12. In that respect both Tracey (No.2) and the present case are very different from the situation disclosed in Breslin v. McKenna [2008] IESC 43, [2009] 1 IR 298. In that case the plaintiffs contended that the defendants had planned a major explosion in Omagh, Co. Tyrone in August 1998 which had caused a major loss of life and injury to innocent by-standards and they had commenced civil proceedings before the Northern Irish courts claiming damages in respect of those appalling injuries. To that end they also sought access in this jurisdiction to books of evidence supplied by the prosecution to the accused pursuant to statute for the purposes of a criminal prosecution before the Special Criminal Court in this State. Here it must be stressed that the plaintiffs in that case had never contended that this material had actually been opened in open court and the decision in Breslin does not proceed on this basis. The Supreme Court nonetheless sanctioned the use of the material for the purposes of the Northern Irish proceedings.

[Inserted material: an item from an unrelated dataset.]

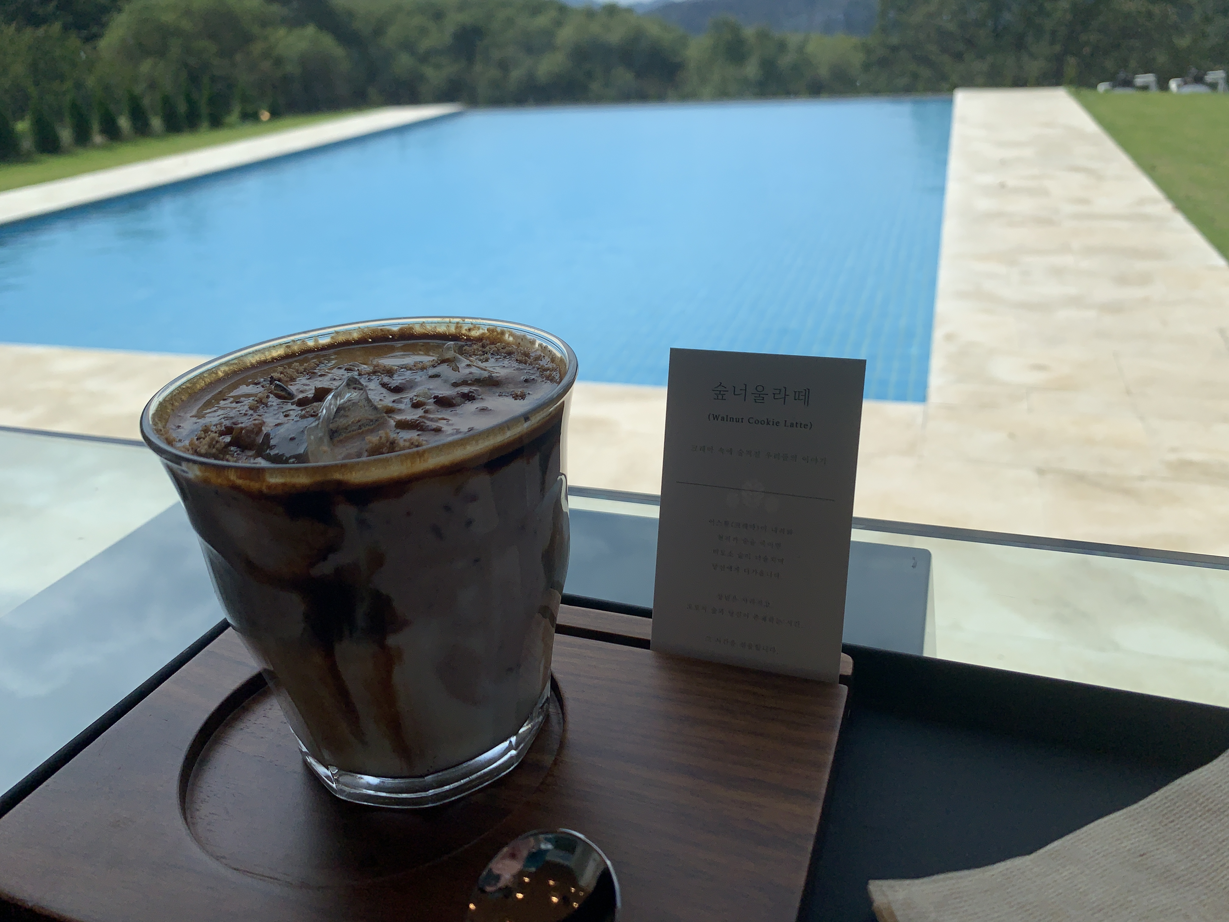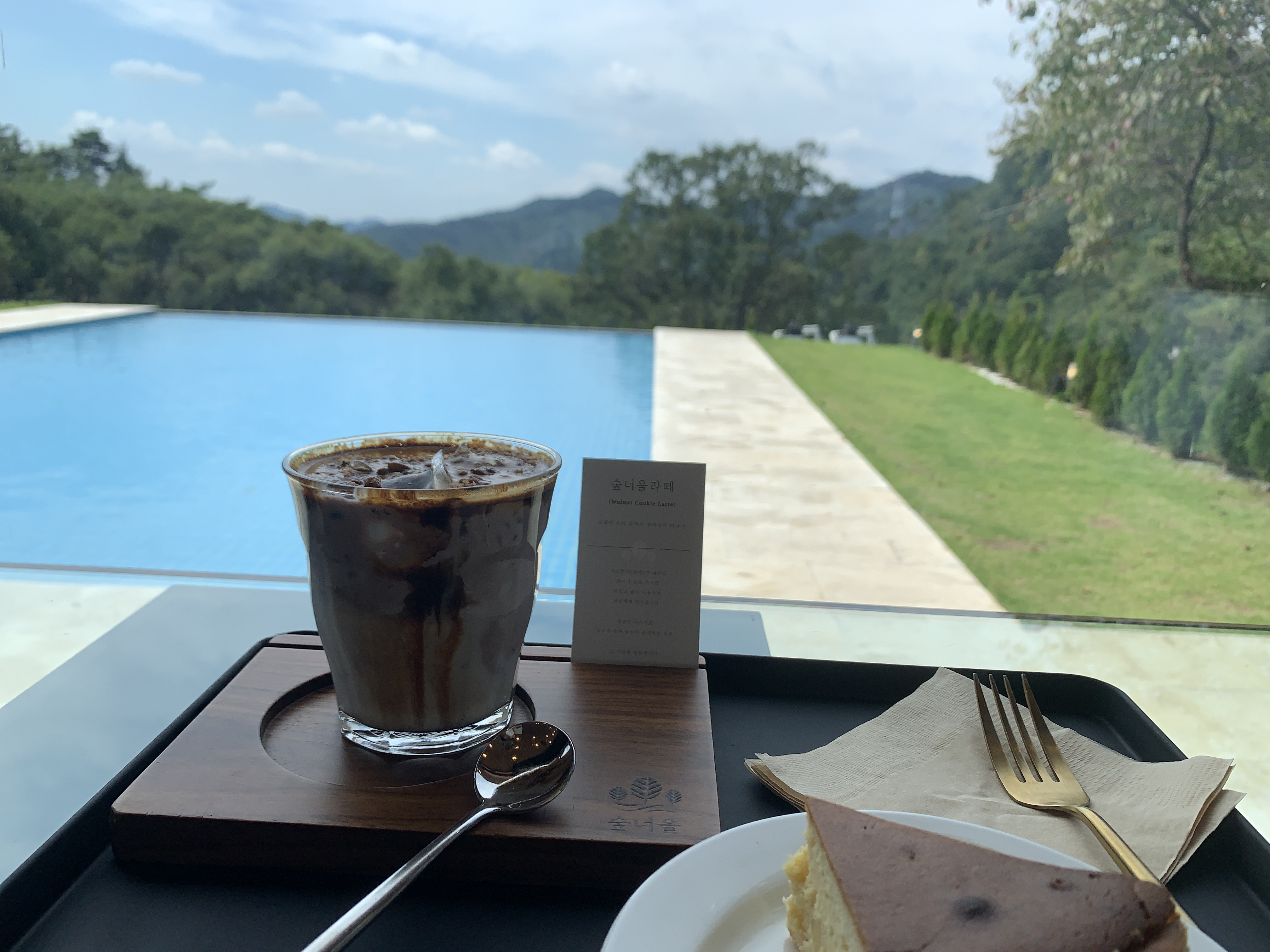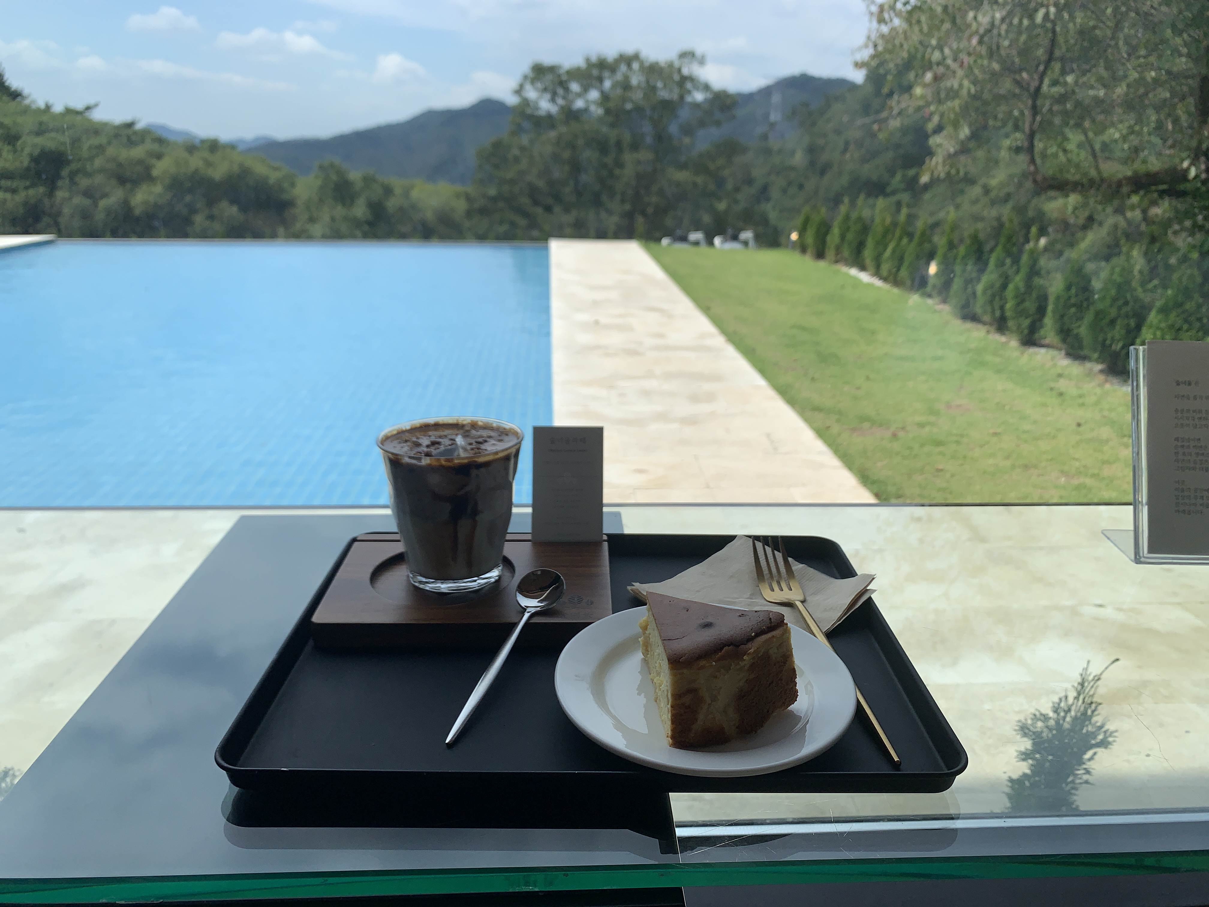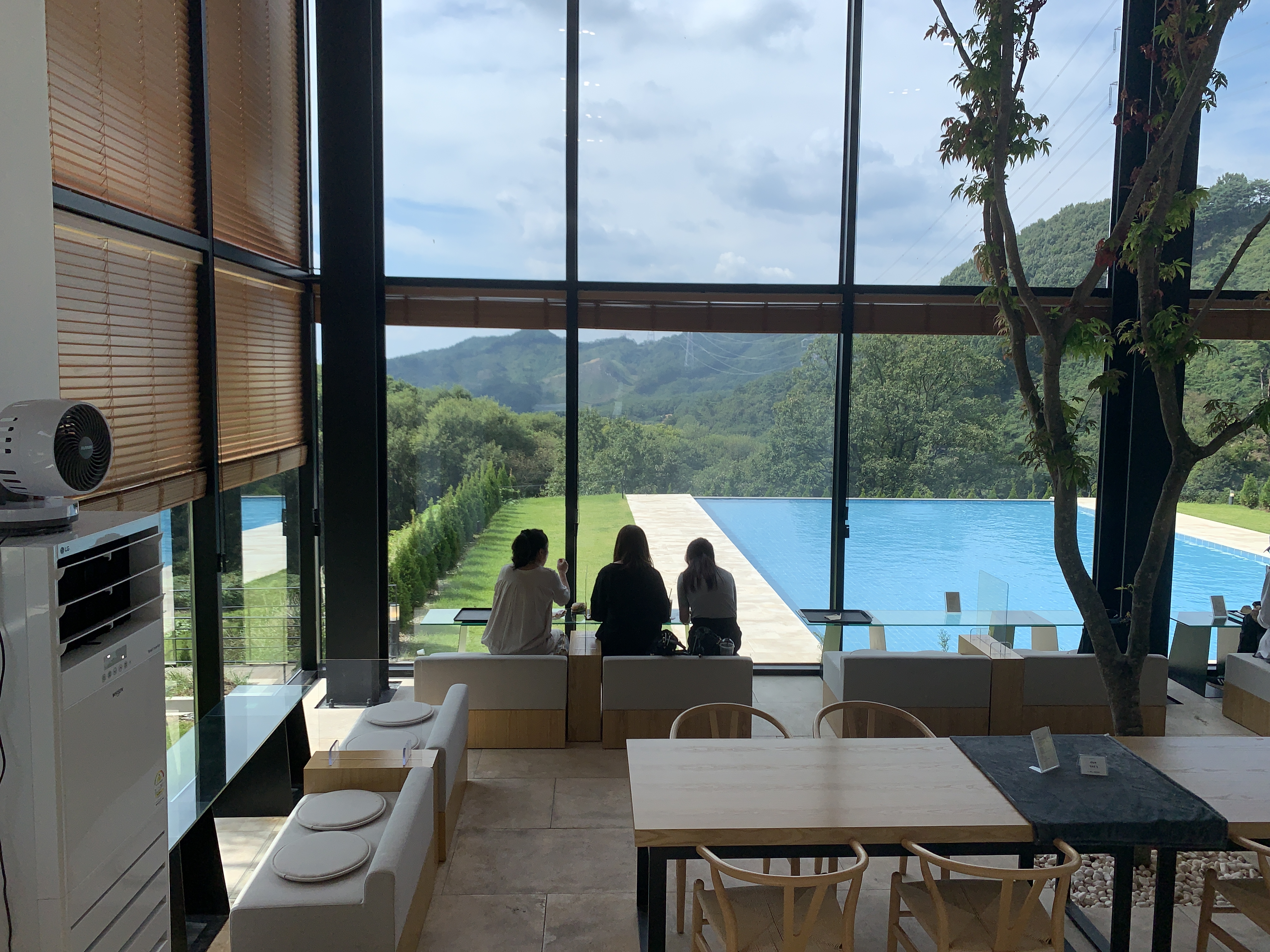 카페 전면이 통유리로 되어 있어서 채광과 개방감이 좋고, 바로 앞에 산과 수영장뷰가 광활하게 펼쳐진다.

13. Mr. Colgan was at pains to submit that the Director had no locus standi to interfere in civil proceedings of this kind by seeking documents which the parties had produced for their own purposes in that litigation. It is perhaps unnecessary for the purposes of this application to decide whether a party seeking such access has to establish that he or she has a good reason to seek such documentation. It is sufficient to say that, just as was the case in Tracey (No.2), the Director can plainly point to such good reason. She is the person authorised by law to prosecute crimes and offences of this nature “in the name of the People” in the manner envisaged by Article 30.3 of the Constitution. It is not denied that the document in question is plainly relevant to the full presentation of certain material which the prosecution may wish to lead as evidence in the course of the prosecution of Mr. Byrne in respect of these offences. While again abjuring any views on the admissibility of any such evidence – which, to repeat, will be entirely a matter for the trial judge – it would nonetheless be only appropriate that the Director should be permitted to have access to such material.

Conclusions
14. In these circumstances and for all the reasons which I have ventured to set out, I would accordingly direct the Courts Service to provide the Director of Public Prosecutions with a copy of the statement made by Mr. Byrne in the course of these proceedings, assuming always that a copy has been so retained by them for the purposes of the court file.